Having been involved with filmmaking for 18 years (the time in film school included), dealing exclusively with a realistic/naturalistic aesthetic, I felt I had hit at a dead end with limited opportunities for innovation and development. The year was 1985, and I was ready to abandon film as a means of expression. Vittorio de Sica’s neorealist Bicycle Thieves would never be surpassed. It had everything as far as I was concerned.

Certainly there were other films that both interested and fascinated me greatly, such as the later works by Luis Buñuel and Federico Fellini, but the highly abstract cinematic language of these films was something I felt I lacked the aptitude for. Until I dared give it a try!

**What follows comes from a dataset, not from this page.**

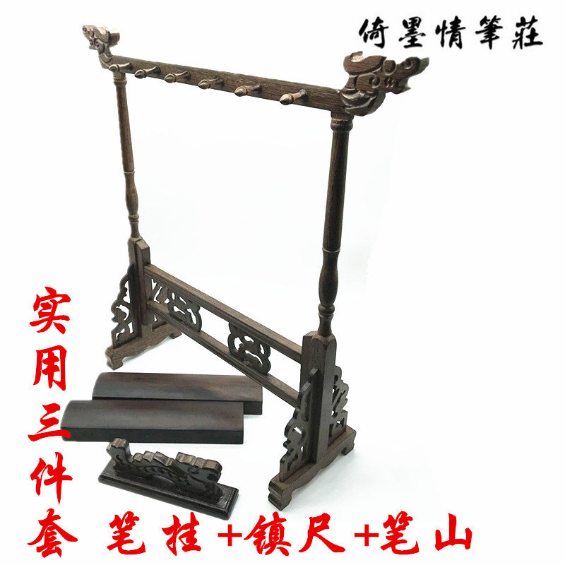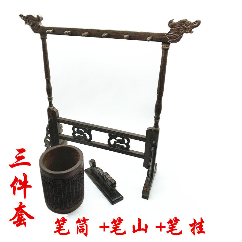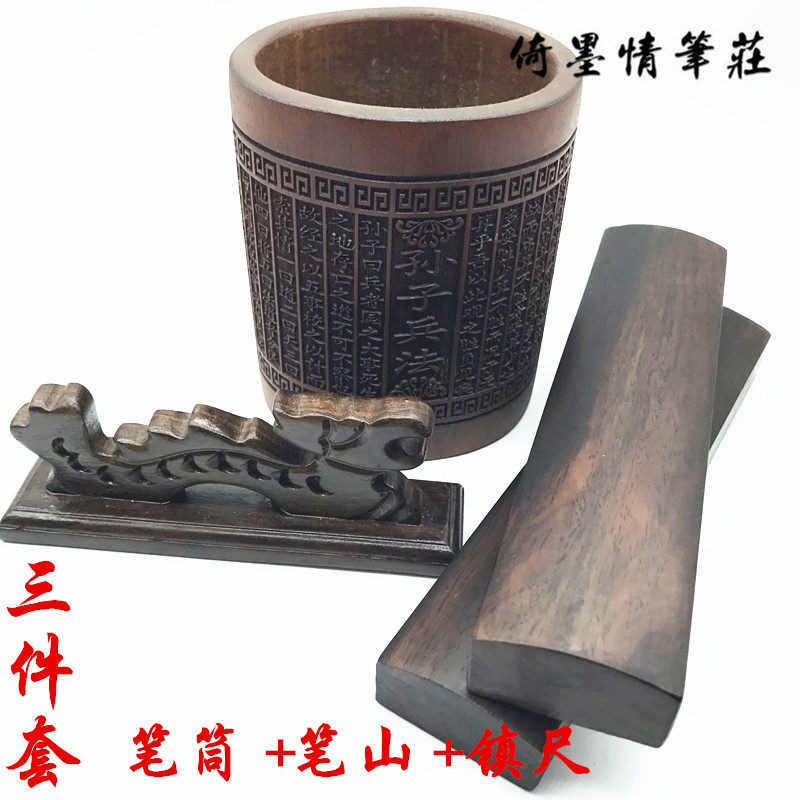 倚墨情黑梓木鸡翅木竹刻笔筒笔挂笔山镇纸尺三件套四件套笔搁笔洗

I wouldn’t say that I’ve given up realism/naturalism for good. Elements of these forms of expression are of course also present in abstract film. But finding the courage to take the plunge into the world of abstraction, was something I found enormously liberating. With abstraction’s help, I was able to let the living talk to and meet with the dead in Songs from the Second Floor. It also allowed me to achieve total freedom of expression as it can manifest itself in the dream world of You, the Living.

It has enabled me to tell stories about us and about our time in spectacularly anachronistic scenes, such as in A Pigeon Sat on a Branch Reflecting on Existence, where the Swedish King Charles XII is on his way to Russia with his army in 1708 but makes a brief stop at a suburban bar in the present day because the king is thirsty. Following the crushing defeat at Poltava, the shattered remnants of the Swedish army pass by the same bar on the way home. The king has to use the toilet, which unfortunately turns out to be occupied.

 

Sources of Inspiration

There have been many sources of inspiration for this project About Endlessness. But I would like to mention two that have been particularly significant.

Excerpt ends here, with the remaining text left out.